- [Input data]:
:::
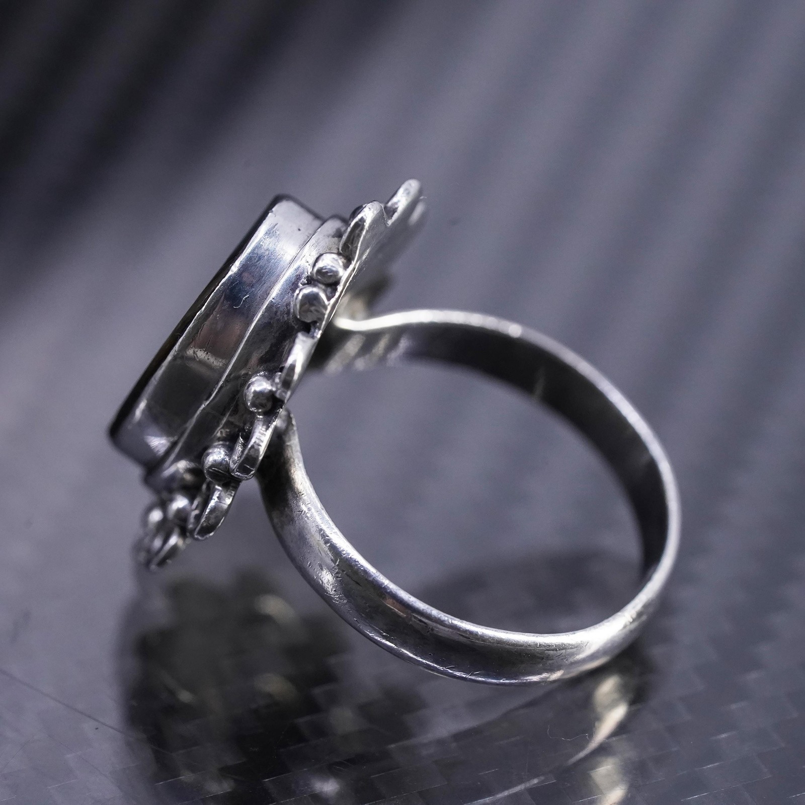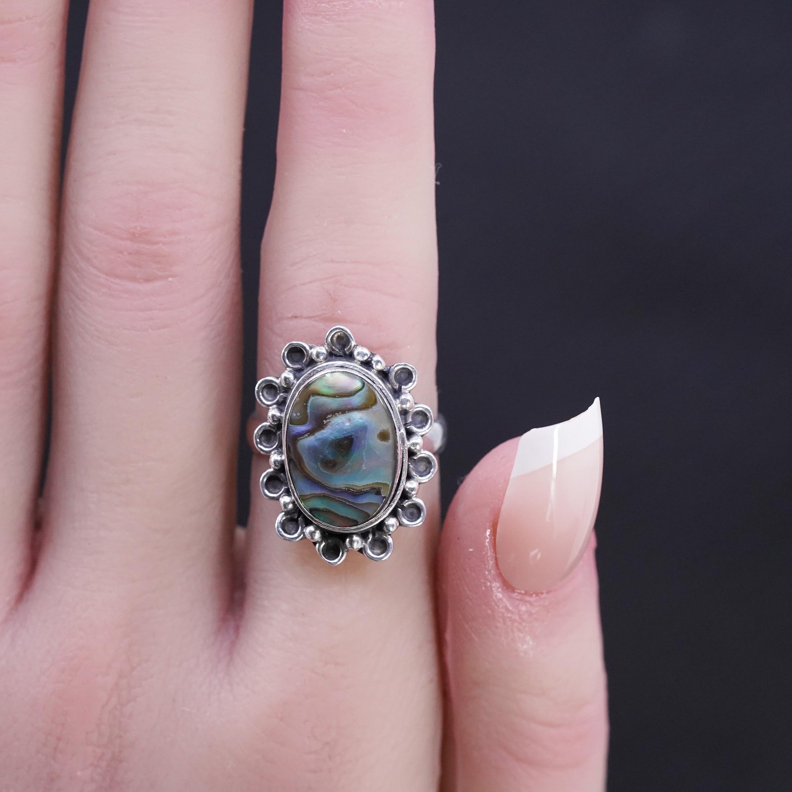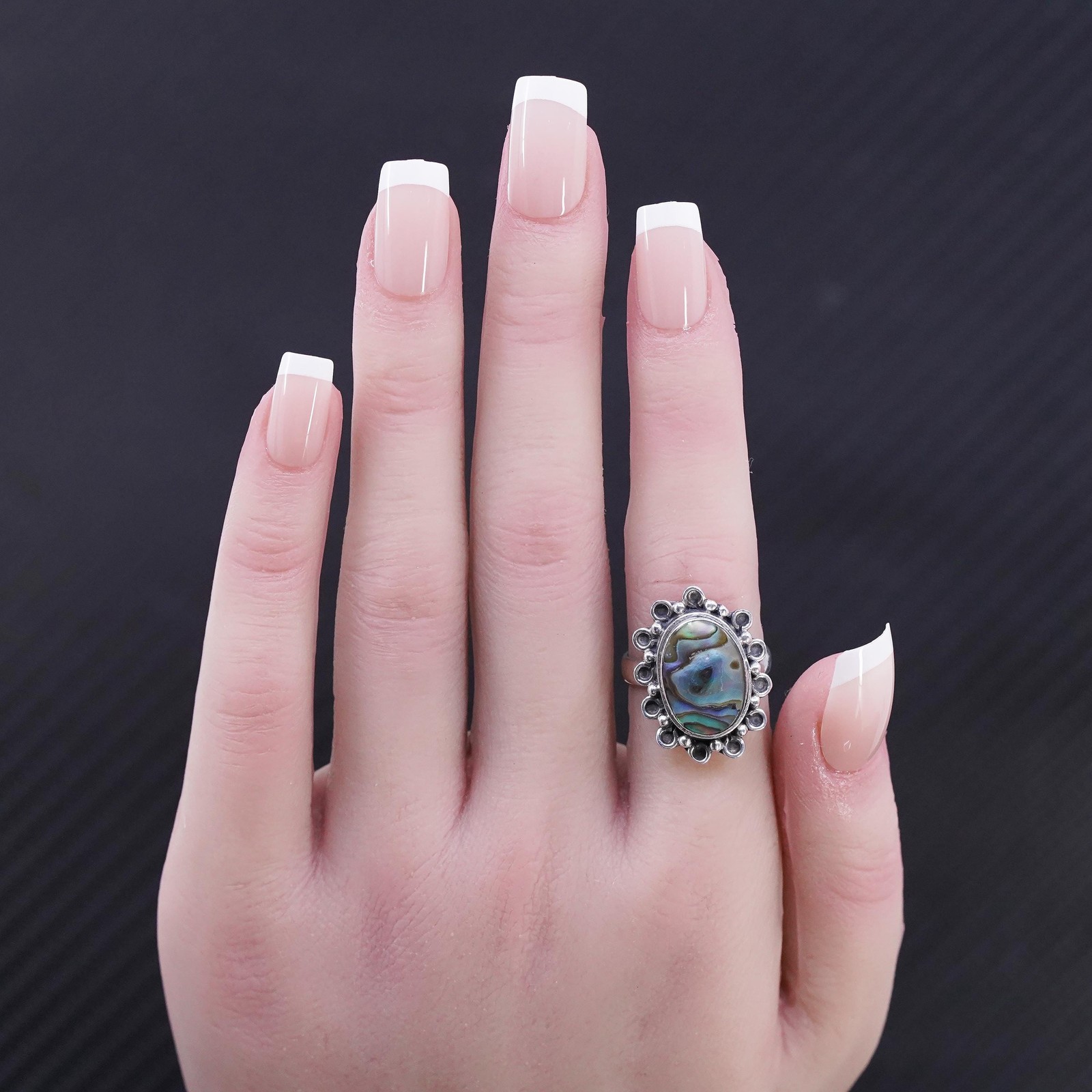 size 7, southwestern Mexican sterling silver 925 band ring with oval abalone
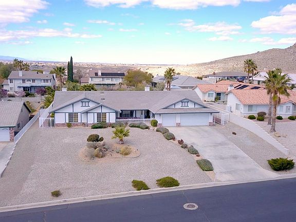 APPLE VALLEY RIDGE ESTATES -SEE VIRTUAL TOUR AND AREA DRONE PICTURES. A gated VIEW Community of upscale custom homes. This beautiful POOL/SPA Home is positioned on the lot so you can appreciate spectacular desert sunsets and mountain VIEWS. A delightful master bedroom suite with fireplace and sitting area is set apart from oversized secondary bedrooms that have custom closets. Master Bath features a separate jetted bathtub, shower and dual sinks, walk-in closet with custom shelves. The kitchen, with walk in pantry and garden window overlooks the pool area and is open to the family room with fireplace and custom shelving. There is an additional huge bonus room that offers more space for formal and information entertaining. The best part of this charming home is the beautiful backyard, mature landscaping POOL and spa, extended covered patio and sitting areas that have VIEWS OF THE VALLEY! Some Extras include ceiling fans throughout and storage. This home is situated within a short distance to shopping, major hospitals, entertainment and the I-15!
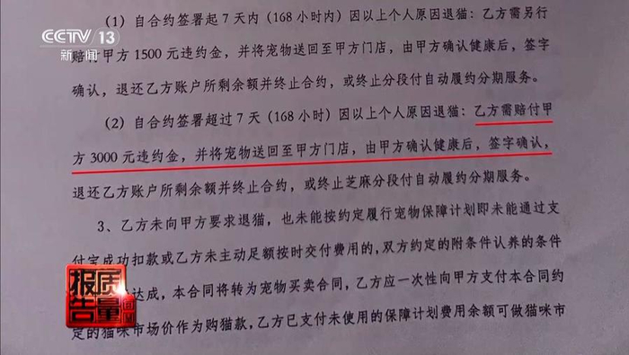 华东政法大学法学院副教授 孙维飞:在法律上,它就是一个买卖,一个是卖猫,另一个是卖猫粮,这两个买卖是捆绑的。猫粮买卖实际上是一个额度,而且必须得买到一定额度、一定年限,这个模式的特点会使得猫的价格不太透明。
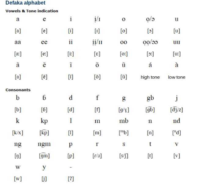 The Defaka language is spoken in the Opobo–Nkoro government area of Rivers State, Nigeria. Due to the small population of Defaka people in the area, as well as the domination of local languages such as Nkoroo, Defaka is in danger of extinction.
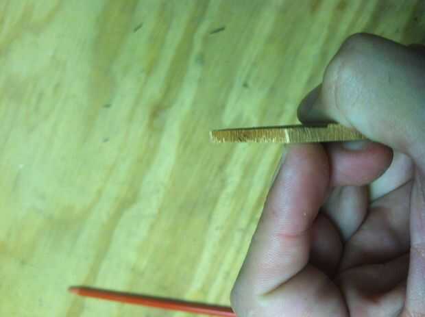 Ahora usted necesitará conseguir su sierra de mano y corte una tira delgada de madera de su parte. Una vez que se han cortado puede modelo guitarra escoge y traza su forma demasiado la madera (o hacer su propia forma completamente!).
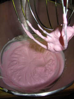 Pongan un poco más de la mitad de la nata en el recipiente. Tomar la mezcla de bebida y viértala en el bol con la nata. (Algunos de la bebida se mezcla puede ser muy tarta así inicio apagado usando la mitad del paquete, mezclan con la crema batida y probarlo pero si quieres más sabor, acaba de poner toda la mezcla de bebida en la nata). Tome la cuchara o batir y mezclar la crema batida y beber mezcla juntos hasta que el color de la mezcla de la bebida se mezcla uniformemente en la crema batida y hasta que la nata es lisa y gruesa.
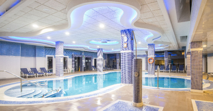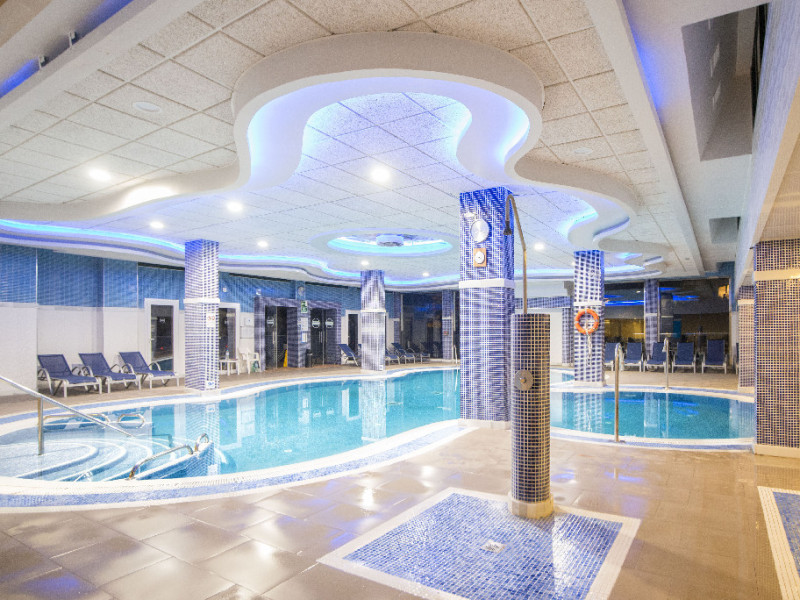 Facilitati hotel: Hotelul este dotat cu aer conditionat, receptie 24h, restaurant bufet cu terasa, 2 baruri, cafenea, bar la piscina, Wi-Fi, 4 lifturi, jacuzzi, salon TV cu TV satelit, gradina, piscina exterioara cu sezlonguri si umbrele de soare, piscina pentru copii, piscina interioara incalzita, discoteca, loc de joaca, biliard, tir cu arcul, zona wellness.
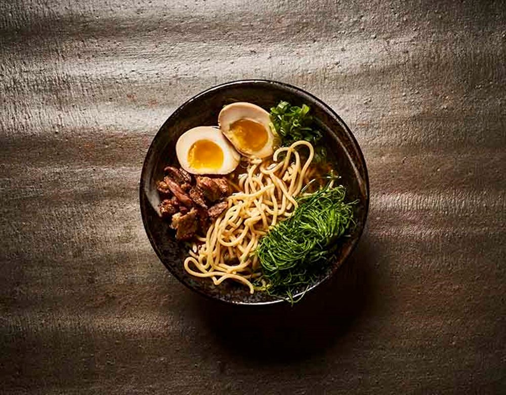 אטריות אורז בסויה שחורה עם סינטה (מכיל סויה וביצה), בצל ירוק, ברוקולי, פאק צ'וי, שאלוט, פטריות, חביתה, כוסברה, שבבי קוקוס קלוי ובוטנים. מנה מתוקה
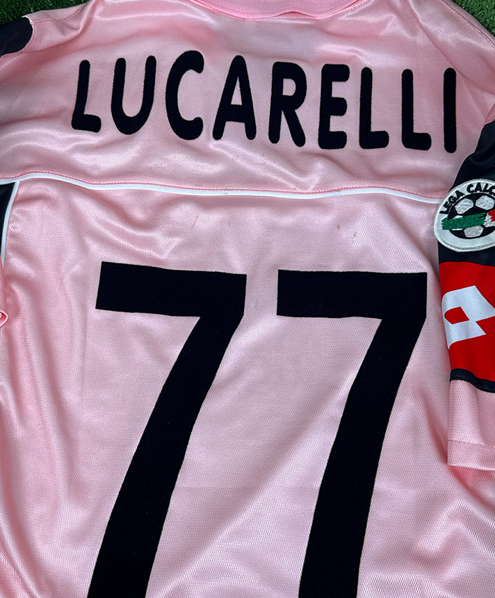 Maglia Home del Palermo stagione 2002-2003, versione Player Issued, personalizzata Lucarelli con patch ufficiale Serie A.
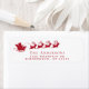 Fun return address label for the Christmas holiday season featuring a red silhouette of reindeers flying Santa's sleigh through air, and your family name and address in simple modern red typography.
:::
- [Required action]:
Could you write out again, exactly, the lines from the line containing "Facilitati hotel: Hotelul" through the last line of the records above? Leave out the pictures.

- [Your solution]:
 Facilitati hotel: Hotelul este dotat cu aer conditionat, receptie 24h, restaurant bufet cu terasa, 2 baruri, cafenea, bar la piscina, Wi-Fi, 4 lifturi, jacuzzi, salon TV cu TV satelit, gradina, piscina exterioara cu sezlonguri si umbrele de soare, piscina pentru copii, piscina interioara incalzita, discoteca, loc de joaca, biliard, tir cu arcul, zona wellness.
 אטריות אורז בסויה שחורה עם סינטה (מכיל סויה וביצה), בצל ירוק, ברוקולי, פאק צ'וי, שאלוט, פטריות, חביתה, כוסברה, שבבי קוקוס קלוי ובוטנים. מנה מתוקה
 Maglia Home del Palermo stagione 2002-2003, versione Player Issued, personalizzata Lucarelli con patch ufficiale Serie A.
 Fun return address label for the Christmas holiday season featuring a red silhouette of reindeers flying Santa's sleigh through air, and your family name and address in simple modern red typography.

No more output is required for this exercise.